[pgpool-general: 1830] Re: PgPool vs any modern programming language.
David Kerr
web at mr-paradox.net
Thu Jun 6 11:12:31 JST 2013
On Jun 5, 2013, at 6:24 PM, Tatsuo Ishii <ishii at postgresql.org> wrote:
>> All Rails, Django and many Java (c3po) implementations have client side connection pools.
>>
>> I don't believe that they can be disabled. You can set them to 1 / (thread|process)
>> but that's still many per server.
>>
>> This means that for every Rails process there is one of these sitting on PgPool at
>> application startup:
>>
>> pgpool 16099 15924 0 00:36 ? 00:00:00 pgpool: app app 192.168.10.19(40509) idle
>> pgpool 16100 15924 0 00:36 ? 00:00:00 pgpool: app app 192.168.14.27(57314) idle
>> pgpool 16101 15924 0 00:36 ? 00:00:00 pgpool: app app 192.168.10.218(37869) idle
>> pgpool 16102 15924 0 00:36 ? 00:00:00 pgpool: app app 192.168.10.48(37278) idle
>> pgpool 16103 15924 0 00:36 ? 00:00:00 pgpool: app app 192.168.10.106(53541) idle
>>
>> If a single app sever has a pool size of 10. And i have 10 servers.
>>
>> That's 100 _persistent_ connections to PgPool. (and hence the DB)
>>
>> To accomidate that I need 100 initial children and 100 max_connections on the postgres side.
>>
>> That sort of defeats the purpose of pooling.
>>
>> Ideally, I want PgPool to protect my database from overzealous application deployments
>> while still giving them all a chance to serve requests.
>>
>> Is this possible?
>>
>> How are other people handling this?
>
> Does pgbouncer's "transaction pooling" help? Or those middlewares
> require session based pooling like pgpool?

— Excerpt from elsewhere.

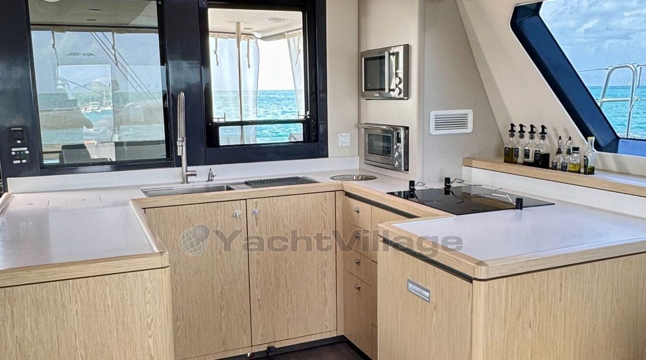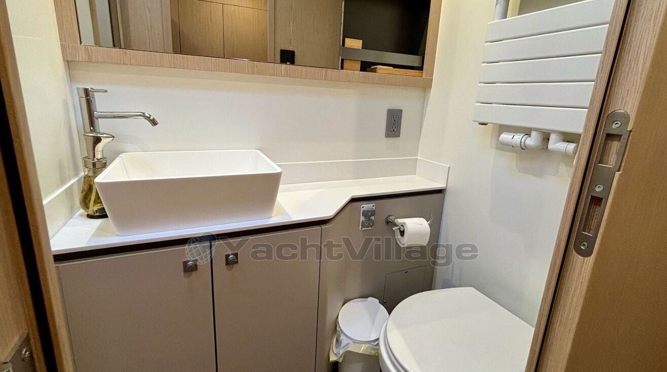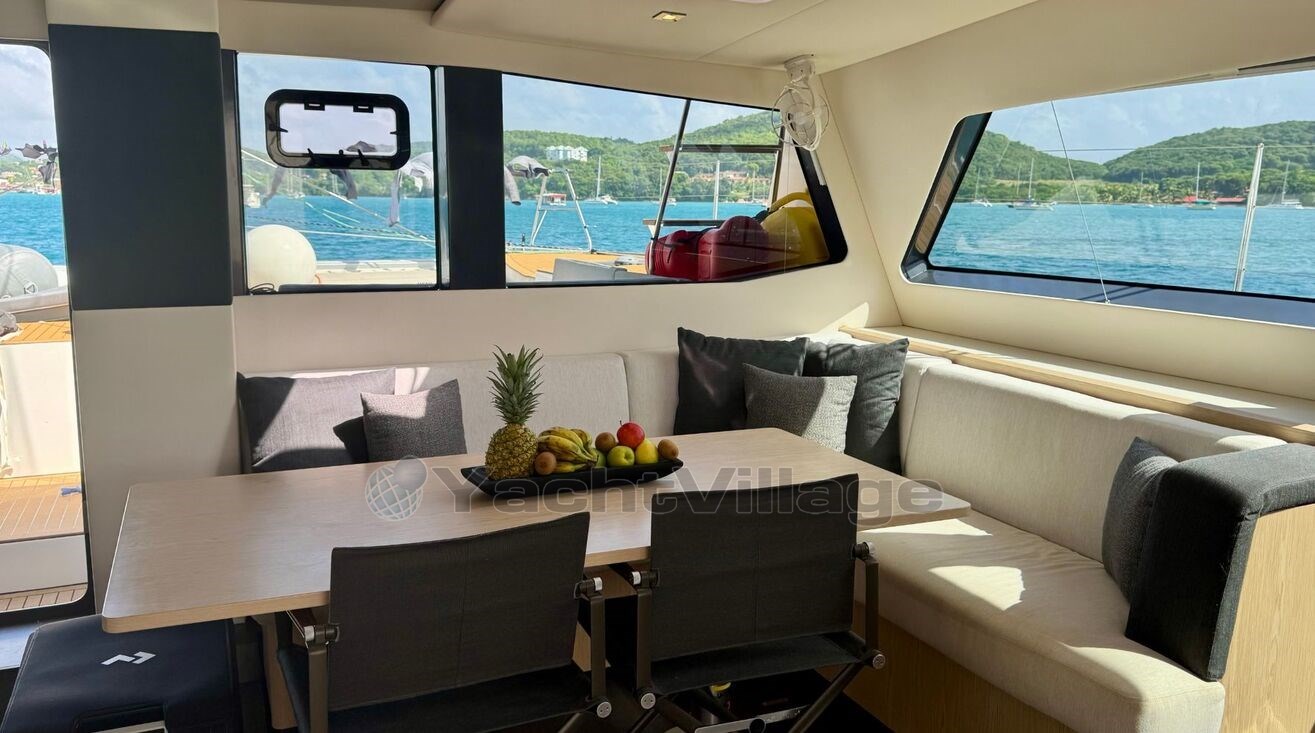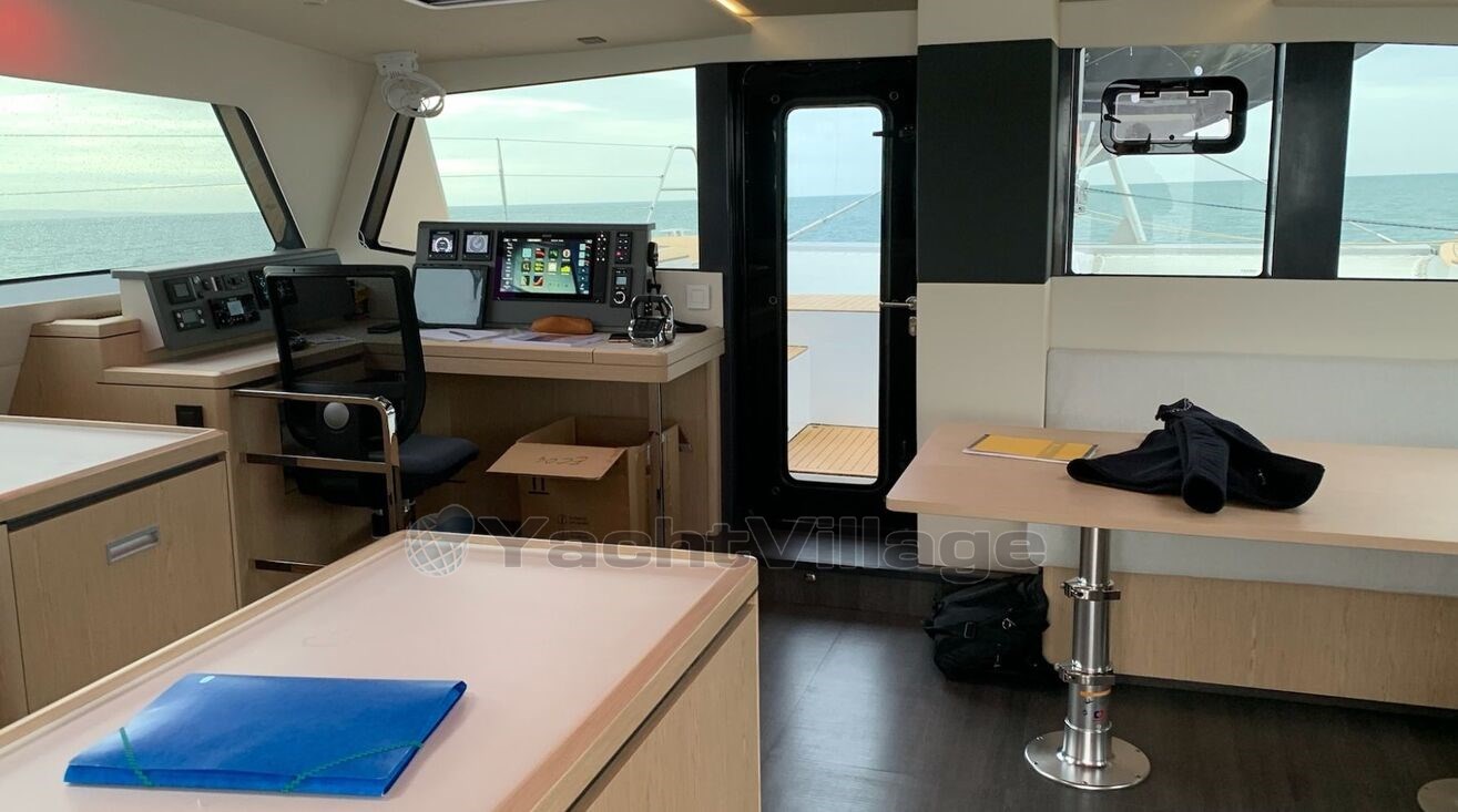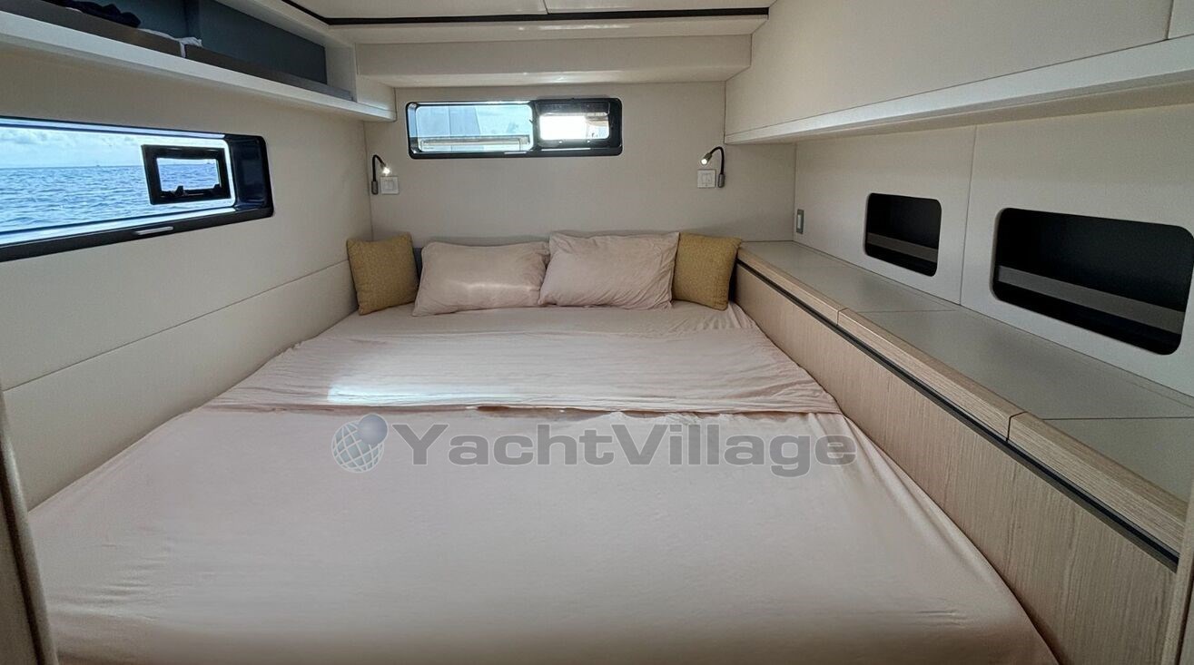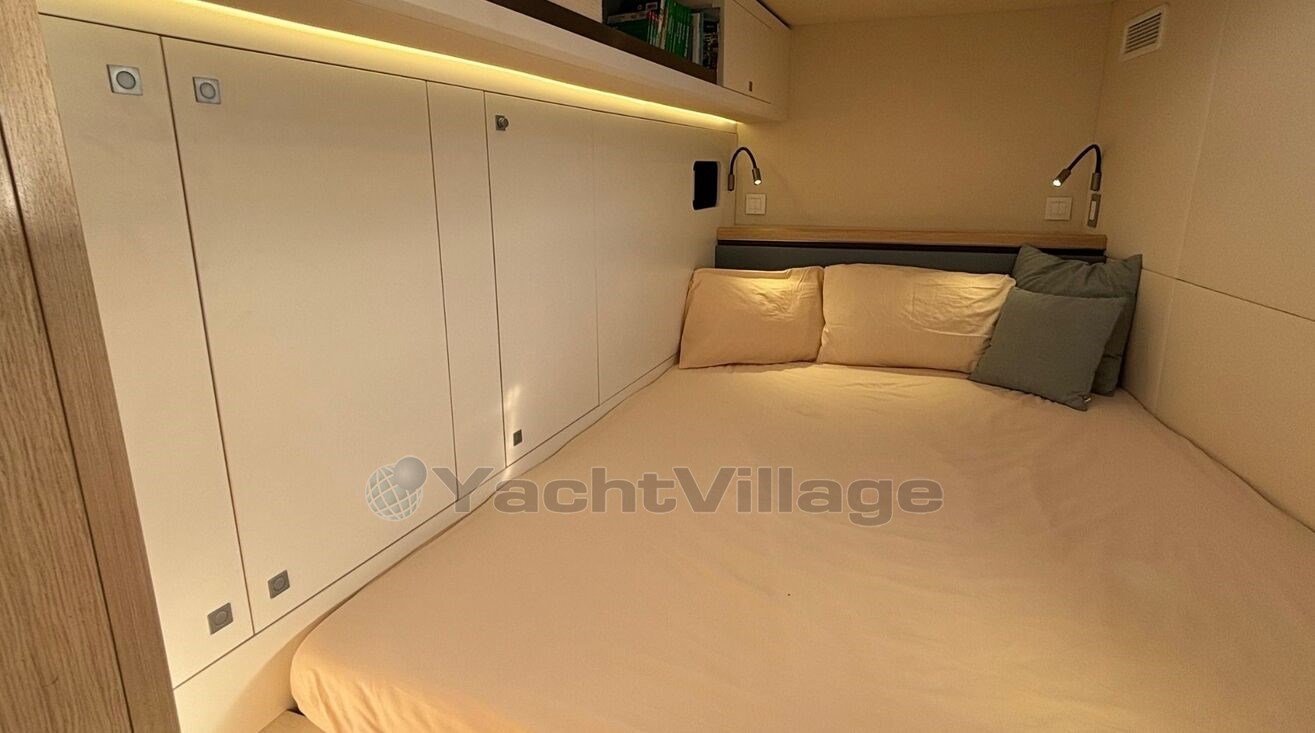 Le confort à bord est tout simplement impressionnant : 4 cabines invités pouvant accueillir jusqu’à 8 personnes, une cabine équipage, une cuisine entièrement équipée, climatisation WEBASTO de 50 000 BTU, chauffage indépendant, système audio haut de gamme FOCAL...

Hmm. I had various levels of success with pgbouncer / transaction pooling with Java.
I haven't tried it yet with Rails. Disabling prepared transactions was difficult in the
java world. it may be easier in the ruby world.
of course then I don't get the load balancing of PgPool which is pretty impactful.